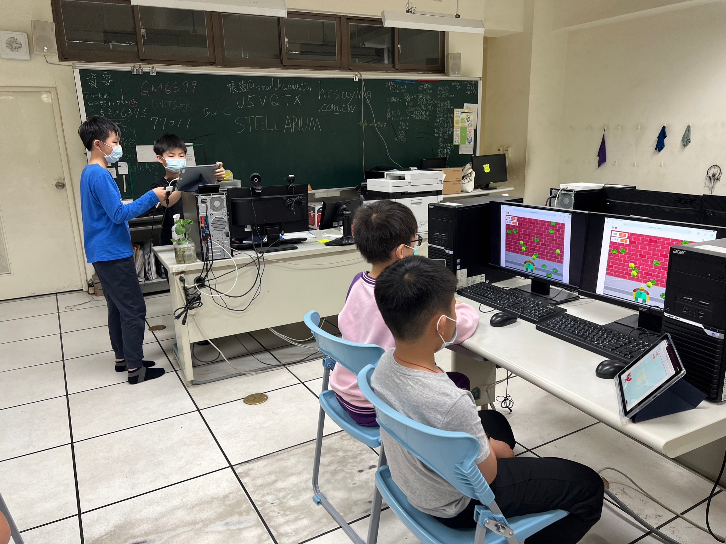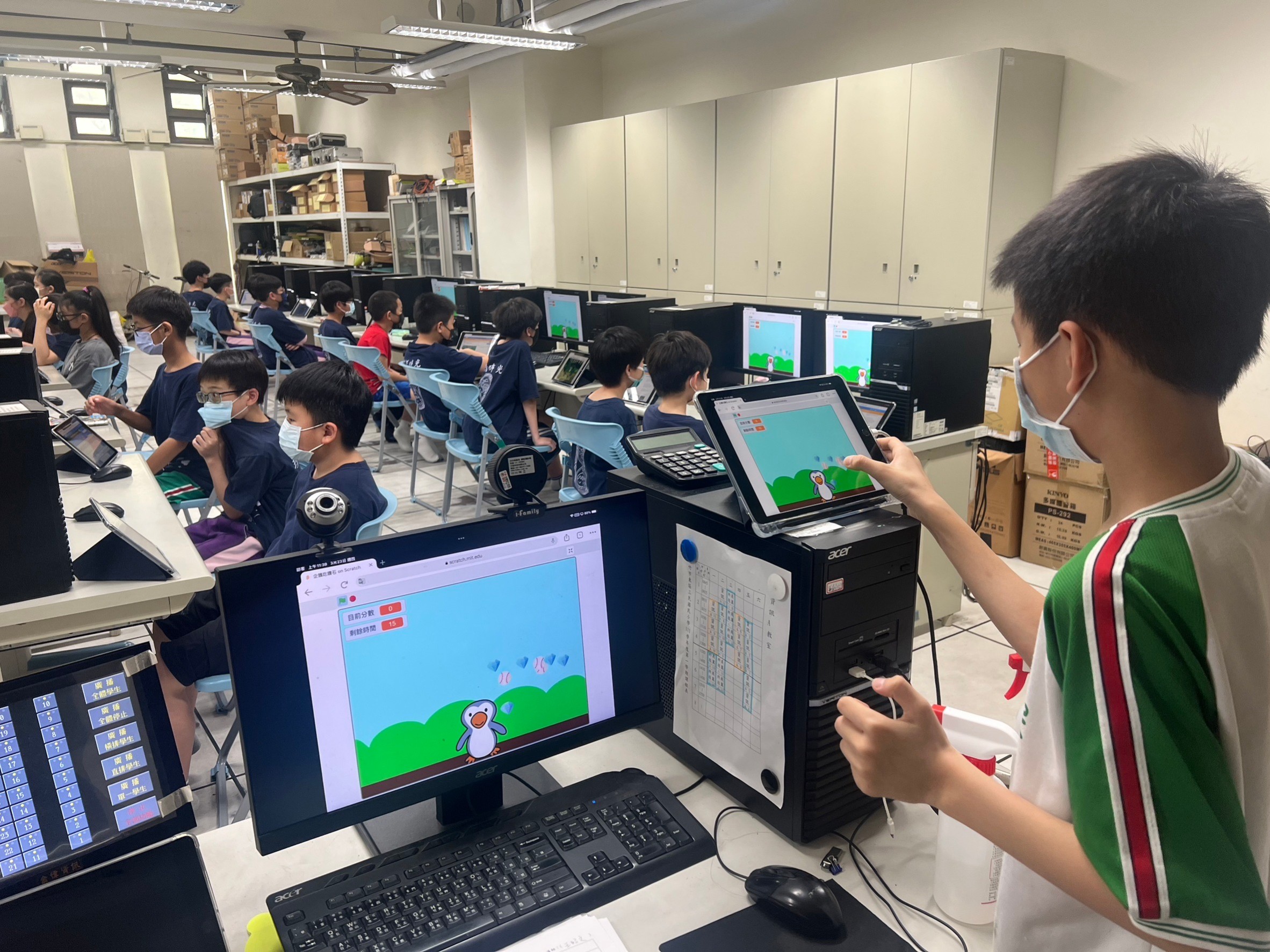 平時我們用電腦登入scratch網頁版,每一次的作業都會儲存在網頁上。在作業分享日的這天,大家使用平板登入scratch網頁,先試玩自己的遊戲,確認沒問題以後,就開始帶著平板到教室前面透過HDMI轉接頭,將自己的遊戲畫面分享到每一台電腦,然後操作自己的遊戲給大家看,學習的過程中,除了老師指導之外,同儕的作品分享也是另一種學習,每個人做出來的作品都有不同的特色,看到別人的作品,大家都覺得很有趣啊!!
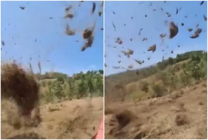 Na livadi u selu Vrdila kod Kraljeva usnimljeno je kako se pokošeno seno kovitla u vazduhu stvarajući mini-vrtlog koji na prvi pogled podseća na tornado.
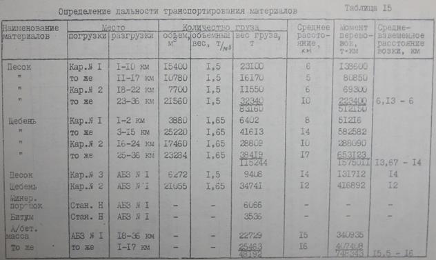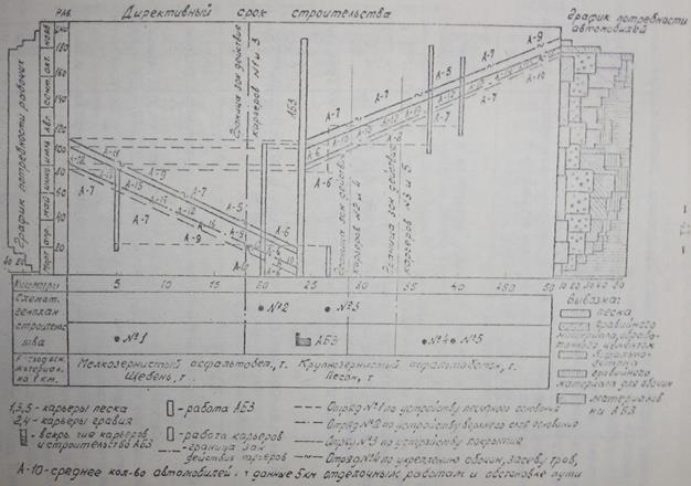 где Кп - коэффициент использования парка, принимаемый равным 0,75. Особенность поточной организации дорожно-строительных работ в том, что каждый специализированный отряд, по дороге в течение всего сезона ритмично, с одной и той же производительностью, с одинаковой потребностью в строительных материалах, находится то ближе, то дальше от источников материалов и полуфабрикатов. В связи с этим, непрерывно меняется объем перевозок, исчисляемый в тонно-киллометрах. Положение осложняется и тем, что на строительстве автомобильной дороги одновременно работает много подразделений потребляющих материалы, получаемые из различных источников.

* * *

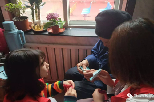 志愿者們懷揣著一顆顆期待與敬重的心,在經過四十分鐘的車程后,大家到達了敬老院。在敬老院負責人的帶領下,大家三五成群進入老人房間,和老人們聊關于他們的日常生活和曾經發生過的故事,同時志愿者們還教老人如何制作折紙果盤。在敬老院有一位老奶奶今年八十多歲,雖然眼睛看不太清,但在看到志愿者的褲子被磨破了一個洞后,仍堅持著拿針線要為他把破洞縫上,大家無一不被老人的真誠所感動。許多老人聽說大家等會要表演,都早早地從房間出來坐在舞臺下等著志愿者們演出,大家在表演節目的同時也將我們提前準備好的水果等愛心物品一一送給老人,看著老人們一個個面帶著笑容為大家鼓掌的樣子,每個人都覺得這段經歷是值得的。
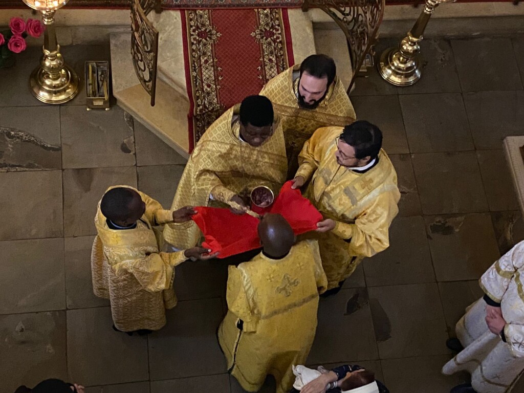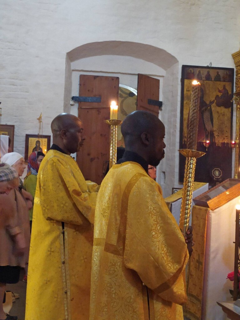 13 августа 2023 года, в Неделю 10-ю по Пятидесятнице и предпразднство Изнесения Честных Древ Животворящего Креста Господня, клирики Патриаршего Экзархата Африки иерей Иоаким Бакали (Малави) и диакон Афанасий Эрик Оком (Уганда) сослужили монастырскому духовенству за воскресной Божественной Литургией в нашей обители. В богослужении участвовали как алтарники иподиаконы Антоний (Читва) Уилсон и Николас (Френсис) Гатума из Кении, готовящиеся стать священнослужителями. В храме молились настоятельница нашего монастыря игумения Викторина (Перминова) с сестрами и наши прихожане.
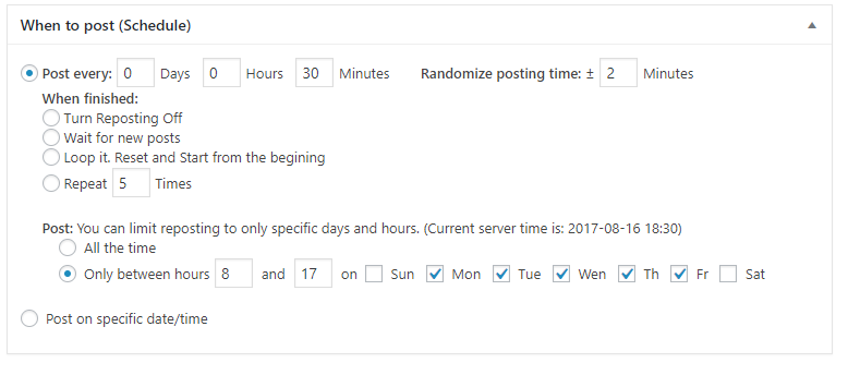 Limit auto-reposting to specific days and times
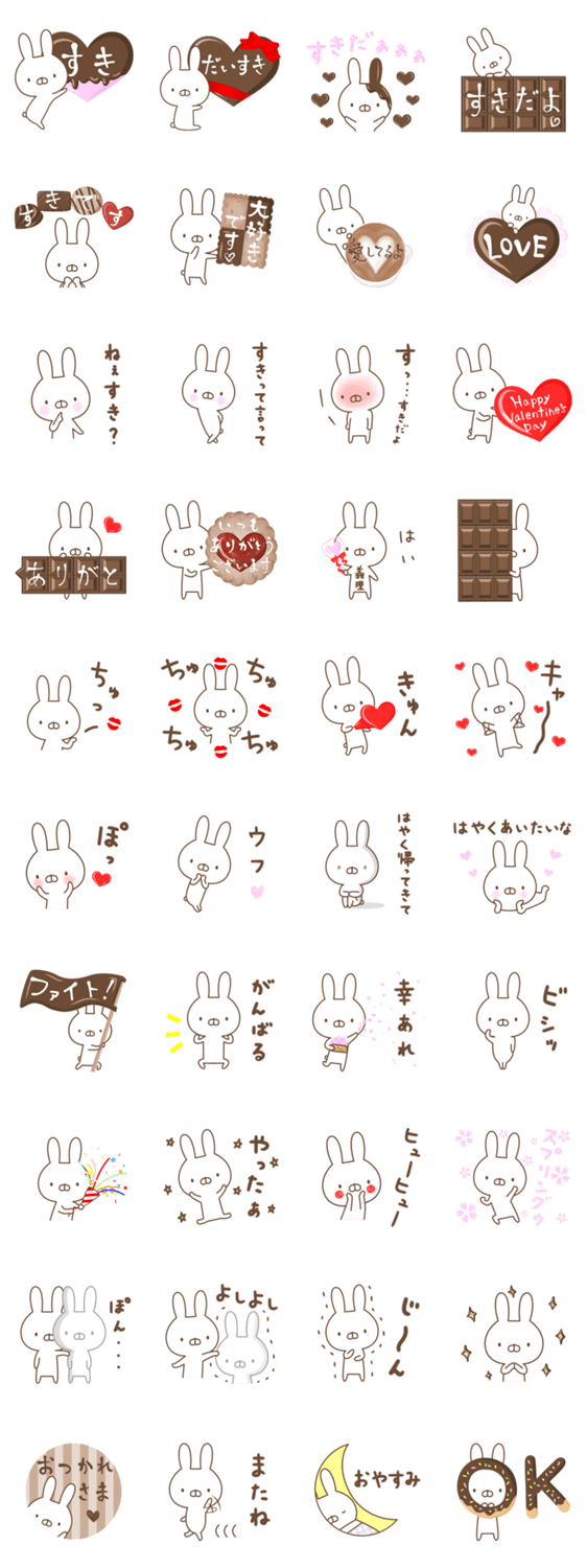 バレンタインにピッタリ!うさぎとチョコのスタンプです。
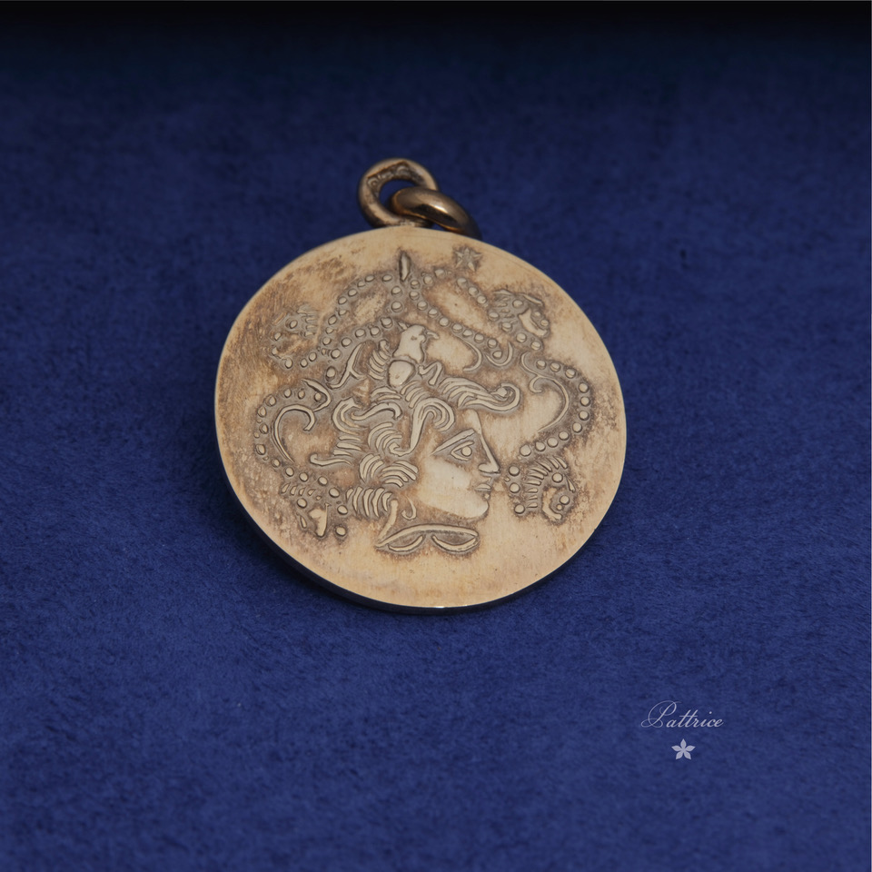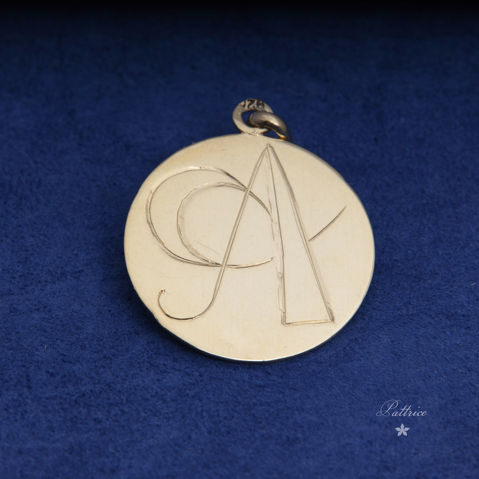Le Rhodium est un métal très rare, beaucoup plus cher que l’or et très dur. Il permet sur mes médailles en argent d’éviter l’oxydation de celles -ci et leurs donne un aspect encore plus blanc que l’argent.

---

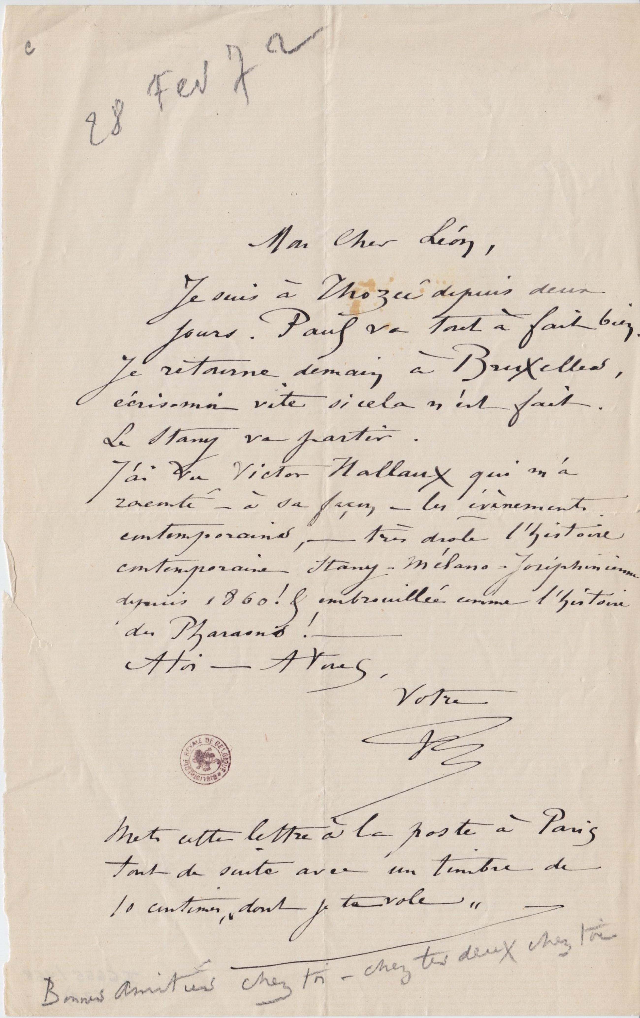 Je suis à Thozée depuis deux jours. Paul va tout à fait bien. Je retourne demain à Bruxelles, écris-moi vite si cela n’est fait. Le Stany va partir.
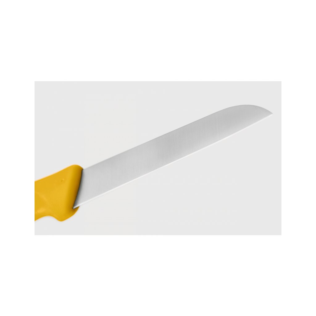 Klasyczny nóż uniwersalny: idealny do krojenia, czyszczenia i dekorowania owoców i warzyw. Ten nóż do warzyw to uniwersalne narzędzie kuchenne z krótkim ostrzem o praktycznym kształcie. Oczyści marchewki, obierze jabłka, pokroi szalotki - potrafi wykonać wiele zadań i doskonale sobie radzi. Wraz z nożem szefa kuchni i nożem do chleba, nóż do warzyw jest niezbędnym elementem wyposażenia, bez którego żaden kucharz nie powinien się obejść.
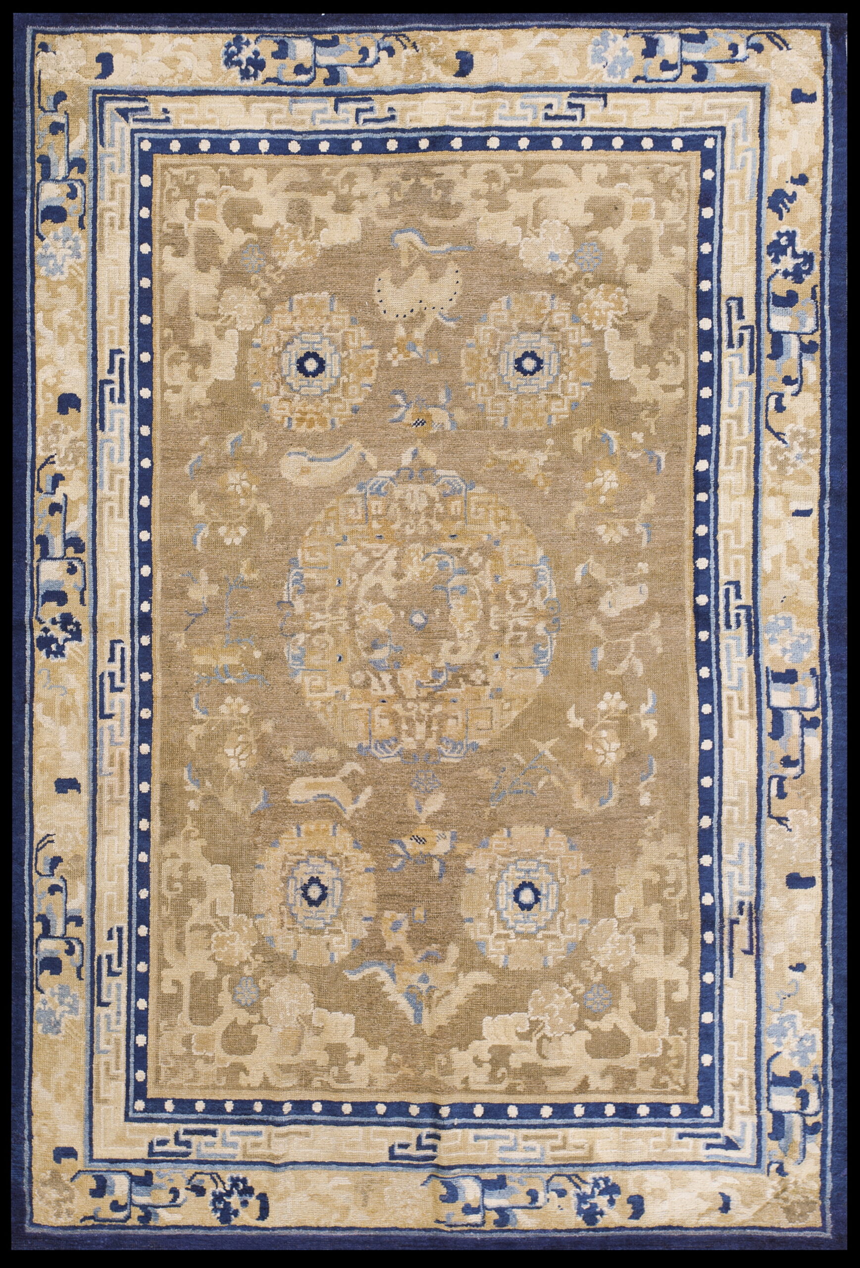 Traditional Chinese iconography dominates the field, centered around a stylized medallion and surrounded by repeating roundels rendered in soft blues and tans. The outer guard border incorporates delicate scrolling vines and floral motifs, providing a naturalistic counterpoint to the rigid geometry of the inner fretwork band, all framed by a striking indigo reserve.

## [Goal of the exercise]
In the records above, find the line containing "バレンタインにピッタリ!うさぎとチョコのスタンプです。" and the line containing "Le Rhodium est", then give both of them again word for word along with every line between. Omit any pictures.

## [Written answer]
 バレンタインにピッタリ!うさぎとチョコのスタンプです。
Le Rhodium est un métal très rare, beaucoup plus cher que l’or et très dur. Il permet sur mes médailles en argent d’éviter l’oxydation de celles -ci et leurs donne un aspect encore plus blanc que l’argent.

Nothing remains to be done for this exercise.